Spatial_searching

Classes

class  Gudhi::spatial_searching::Kd_tree_search< Search_traits, Point_range >
 Spatial tree data structure to perform (approximate) nearest and furthest neighbor search. More...
 

Detailed Description

Author
Clément Jamin

Introduction

This Gudhi component is a wrapper around CGAL dD spatial searching algorithms. It provides a simplified API to perform (approximate) neighbor searches. Contrary to CGAL default behavior, the tree does not store the points themselves, but stores indices.

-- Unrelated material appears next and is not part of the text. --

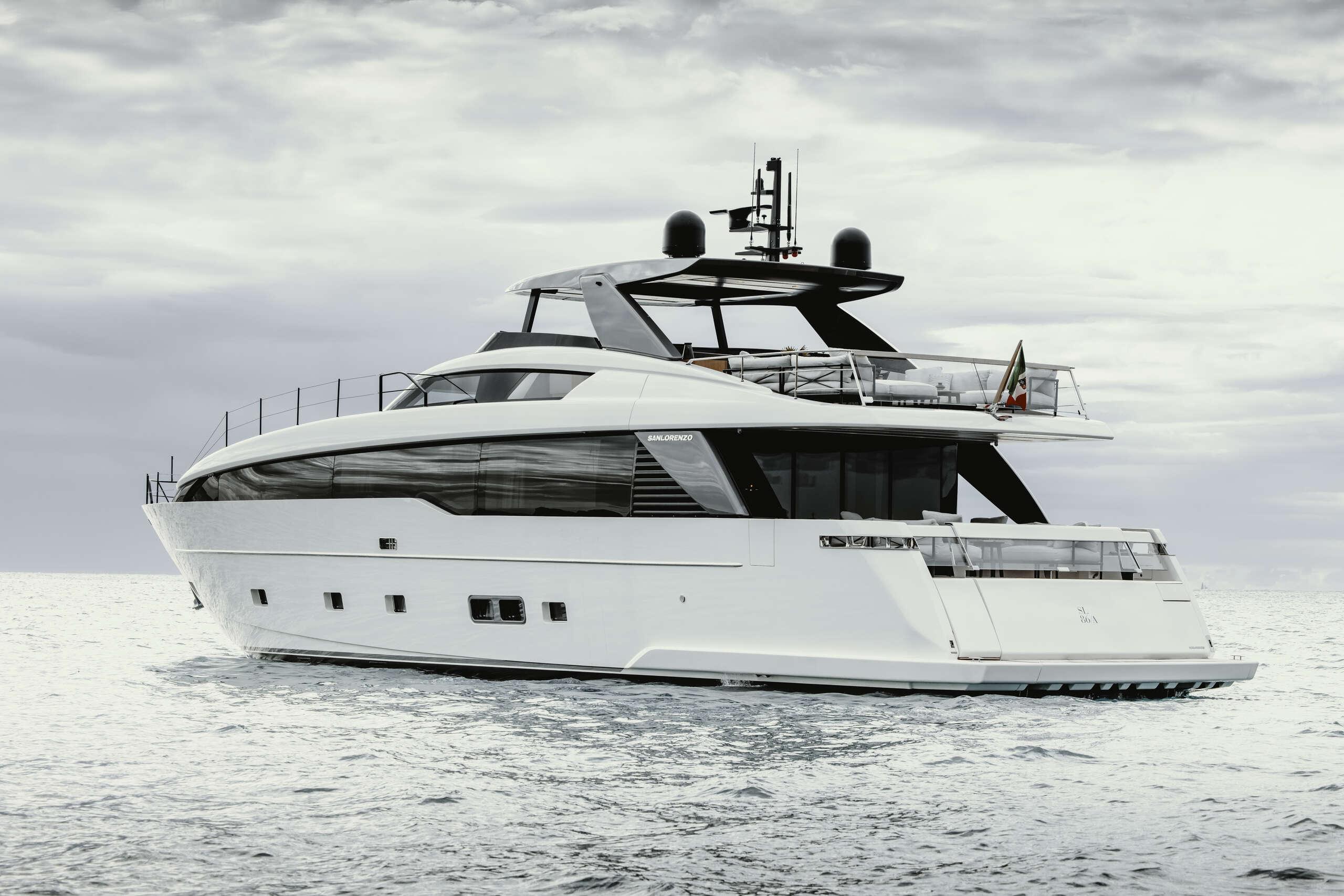 Моторная яхта с флайбриджем Sanlorenzo SL86 Asymmetric длиной 26.6 метров и шириной 6.35 метров будет построена в году на верфи Sanlorenzo, . Материал корпуса - Стеклопластик, надстройки - Стеклопластик, водоизмещение составляет 95 тонн, осадка- 1.96 метров. Интерьер Sanlorenzo SL86 Asymmetric был спроектирован Officina Italiana Design, наружный дизайн разработан Officina Italiana Design.
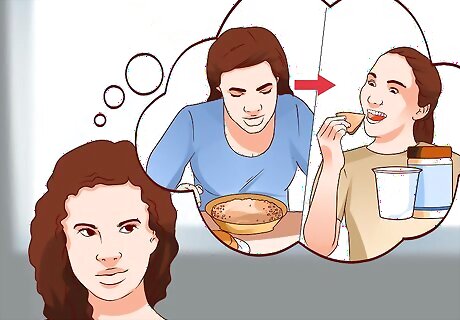Differentiate between physical hunger and "head" hunger. If you're fighting hunger throughout the day and are looking for ways to stay satisfied longer, you need to be able to differentiate between true physical hunger and hunger due to psychological or emotional reasons. Sometimes we feel "hungry" or have the desire to eat when in all reality, we aren't truly physically hungry. We might be bored, sad, upset, stressed or angry. These forms of head hunger may lead us to feel less satisfied over the day. Physical hunger includes sensations like: a growling stomach, a pit in your stomach, hunger pangs, feelings of nausea or light-headedness or even moodiness. Physical hunger also stops and goes away when you're satisfied. Emotional or head hunger may feel like: a strong desire or craving for a certain food, an overwhelming desire to eat, "hunger" that persists even after physical fullness and often comes with guilt or shame. If you're not physically hungry, try to figure out why you're having head hunger and address those issues as needed.

For more details about the data structure or the algorithms, or for more advanced usages, reading CGAL documentation is highly recommended.

Example

This example generates 500 random points, then performs all-near-neighbors searches, and queries for nearest and furthest neighbors using different methods.

#include <gudhi/Kd_tree_search.h>
#include <CGAL/Epick_d.h>
#include <CGAL/Random.h>
#include <vector>
namespace gss = Gudhi::spatial_searching;
int main(void) {
typedef CGAL::Epick_d<CGAL::Dimension_tag<4> > K;
typedef typename K::Point_d Point;
typedef std::vector<Point> Points;
typedef gss::Kd_tree_search<K, Points> Points_ds;
CGAL::Random rd;
Points points;
for (int i = 0; i < 500; ++i)
points.push_back(Point(rd.get_double(-1., 1), rd.get_double(-1., 1), rd.get_double(-1., 1), rd.get_double(-1., 1)));
Points_ds points_ds(points);
// 10-nearest neighbor query
std::clog << "10 nearest neighbors from points[20]:\n";
auto knn_range = points_ds.k_nearest_neighbors(points[20], 10, true);
for (auto const nghb : knn_range)
std::clog << nghb.first << " (sq. dist. = " << nghb.second << ")\n";
// Incremental nearest neighbor query
std::clog << "Incremental nearest neighbors:\n";
auto inn_range = points_ds.incremental_nearest_neighbors(points[45]);
// Get the neighbors in distance order until we hit the first point
for (auto ins_iterator = inn_range.begin(); ins_iterator->first != 0; ++ins_iterator)
std::clog << ins_iterator->first << " (sq. dist. = " << ins_iterator->second << ")\n";
// 10-furthest neighbor query
std::clog << "10 furthest neighbors from points[20]:\n";
auto kfn_range = points_ds.k_furthest_neighbors(points[20], 10, true);
for (auto const nghb : kfn_range)
std::clog << nghb.first << " (sq. dist. = " << nghb.second << ")\n";
// Incremental furthest neighbor query
std::clog << "Incremental furthest neighbors:\n";
auto ifn_range = points_ds.incremental_furthest_neighbors(points[45]);
// Get the neighbors in distance reverse order until we hit the first point
for (auto ifs_iterator = ifn_range.begin(); ifs_iterator->first != 0; ++ifs_iterator)
std::clog << ifs_iterator->first << " (sq. dist. = " << ifs_iterator->second << ")\n";
// All-near-neighbors search
std::clog << "All-near-neighbors search:\n";
std::vector<std::size_t> rs_result;
points_ds.all_near_neighbors(points[45], 0.5, std::back_inserter(rs_result));
K k;
for (auto const& p_idx : rs_result)
std::clog << p_idx << " (sq. dist. = " << k.squared_distance_d_object()(points[p_idx], points[45]) << ")\n";
return 0;
}